Лучше бы не возвращался — теперь Запукина повадилась к нам. Она приходила каждый вечер, как раз в то время, когда я делал уроки, садилась у стола и начинала заунывный, тягучий, никому в мире не интересный рассказ про то, как «ОН посмотрел, я отвернулась, ОН сказал, я сказала, я позвонила, ОН: «Я вас слушаю», я говорю: «Это Вера», а ОН: «Какая Вера?», я говорю: «Запугина», а ОН: «Понял», я сказала, чтоб ОН мне позвонил, а ОН не позвонил…»

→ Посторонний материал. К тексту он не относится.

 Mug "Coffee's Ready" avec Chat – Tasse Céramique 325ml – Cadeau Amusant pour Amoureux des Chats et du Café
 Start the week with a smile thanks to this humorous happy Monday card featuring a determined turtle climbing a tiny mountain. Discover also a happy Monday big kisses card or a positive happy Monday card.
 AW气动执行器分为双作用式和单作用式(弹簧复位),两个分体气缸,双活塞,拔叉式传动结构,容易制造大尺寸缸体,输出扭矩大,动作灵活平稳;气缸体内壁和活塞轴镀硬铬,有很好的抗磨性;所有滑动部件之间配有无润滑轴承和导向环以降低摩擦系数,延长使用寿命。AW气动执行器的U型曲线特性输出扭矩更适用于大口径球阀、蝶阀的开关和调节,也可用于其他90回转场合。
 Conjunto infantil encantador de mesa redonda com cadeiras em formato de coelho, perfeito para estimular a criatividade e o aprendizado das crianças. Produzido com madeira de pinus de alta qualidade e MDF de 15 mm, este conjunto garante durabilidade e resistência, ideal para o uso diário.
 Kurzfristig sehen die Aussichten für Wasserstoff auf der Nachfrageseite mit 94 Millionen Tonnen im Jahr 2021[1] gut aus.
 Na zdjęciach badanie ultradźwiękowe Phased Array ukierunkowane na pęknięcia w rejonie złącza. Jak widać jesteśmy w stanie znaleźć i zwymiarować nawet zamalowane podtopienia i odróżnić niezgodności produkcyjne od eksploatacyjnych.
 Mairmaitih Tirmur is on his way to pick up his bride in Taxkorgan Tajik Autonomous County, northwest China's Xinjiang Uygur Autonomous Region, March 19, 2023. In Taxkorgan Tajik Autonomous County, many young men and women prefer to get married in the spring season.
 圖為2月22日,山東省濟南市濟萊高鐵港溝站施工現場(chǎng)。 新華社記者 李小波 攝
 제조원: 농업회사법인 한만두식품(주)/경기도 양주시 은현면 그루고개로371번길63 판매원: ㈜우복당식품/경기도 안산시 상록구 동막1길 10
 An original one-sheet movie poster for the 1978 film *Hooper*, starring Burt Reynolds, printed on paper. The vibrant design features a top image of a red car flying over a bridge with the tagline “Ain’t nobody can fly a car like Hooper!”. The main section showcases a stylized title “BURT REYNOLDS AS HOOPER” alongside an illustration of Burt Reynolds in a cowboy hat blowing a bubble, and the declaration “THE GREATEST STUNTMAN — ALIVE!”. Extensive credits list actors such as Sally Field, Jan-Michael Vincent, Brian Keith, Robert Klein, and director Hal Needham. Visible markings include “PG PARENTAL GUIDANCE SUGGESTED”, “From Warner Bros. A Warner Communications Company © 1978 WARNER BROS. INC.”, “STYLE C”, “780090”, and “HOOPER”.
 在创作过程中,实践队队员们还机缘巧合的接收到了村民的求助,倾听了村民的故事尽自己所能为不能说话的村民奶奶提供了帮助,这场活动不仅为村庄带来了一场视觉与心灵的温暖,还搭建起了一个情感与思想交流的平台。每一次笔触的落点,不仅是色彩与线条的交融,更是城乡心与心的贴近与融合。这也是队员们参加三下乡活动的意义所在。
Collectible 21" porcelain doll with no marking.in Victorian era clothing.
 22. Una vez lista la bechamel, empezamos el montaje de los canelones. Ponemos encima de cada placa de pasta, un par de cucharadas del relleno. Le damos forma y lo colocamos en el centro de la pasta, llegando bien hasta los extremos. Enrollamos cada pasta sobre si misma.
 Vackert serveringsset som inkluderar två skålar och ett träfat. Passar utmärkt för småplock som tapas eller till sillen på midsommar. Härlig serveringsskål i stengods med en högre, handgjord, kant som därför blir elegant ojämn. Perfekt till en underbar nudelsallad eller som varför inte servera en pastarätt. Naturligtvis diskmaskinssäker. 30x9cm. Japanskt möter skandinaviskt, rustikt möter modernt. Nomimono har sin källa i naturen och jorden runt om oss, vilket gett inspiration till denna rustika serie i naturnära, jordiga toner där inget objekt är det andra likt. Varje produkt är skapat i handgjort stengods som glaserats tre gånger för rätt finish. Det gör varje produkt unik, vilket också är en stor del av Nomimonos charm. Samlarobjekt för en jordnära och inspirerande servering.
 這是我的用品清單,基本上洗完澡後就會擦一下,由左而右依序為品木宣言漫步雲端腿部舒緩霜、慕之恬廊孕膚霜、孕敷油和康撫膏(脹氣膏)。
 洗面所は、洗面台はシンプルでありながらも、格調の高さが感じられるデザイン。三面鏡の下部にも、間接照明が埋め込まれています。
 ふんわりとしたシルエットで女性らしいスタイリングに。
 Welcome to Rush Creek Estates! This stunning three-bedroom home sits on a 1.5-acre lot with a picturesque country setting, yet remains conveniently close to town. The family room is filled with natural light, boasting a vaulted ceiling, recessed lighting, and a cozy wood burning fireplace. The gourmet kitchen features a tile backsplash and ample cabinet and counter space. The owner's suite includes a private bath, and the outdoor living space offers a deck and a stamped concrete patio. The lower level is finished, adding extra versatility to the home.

Разложив на обеденном столе, на клеенке, тетради и учебники, поставив чернильницу («Алеша, подстели газету, прольешь, сколько можно?»), я писал сочинение на свободную тему: «Все работы хороши, выбирай на вкус», за окнами, покрытыми морозными цветами, темнел наш двор, где я сегодня вмазал-таки по уху этой лошади-Бородулиной, в углу комнаты, в круглой печке, уютно трещали дрова. Тетки сидели рядом на оттоманке, тетя Ина вязала мне носок, а тетя Калерия время от времени напоминала ей, что надо пойти помешать кочергой в печке, а то до ночи не прогорит. Запукина, ни на кого не обращая внимания, все вела свою нудь: «Я позвонила, ОН сказал, а сам не звонит, я спросила, ОН не сказал, я позвонила, подошла ОНА, я повесила…»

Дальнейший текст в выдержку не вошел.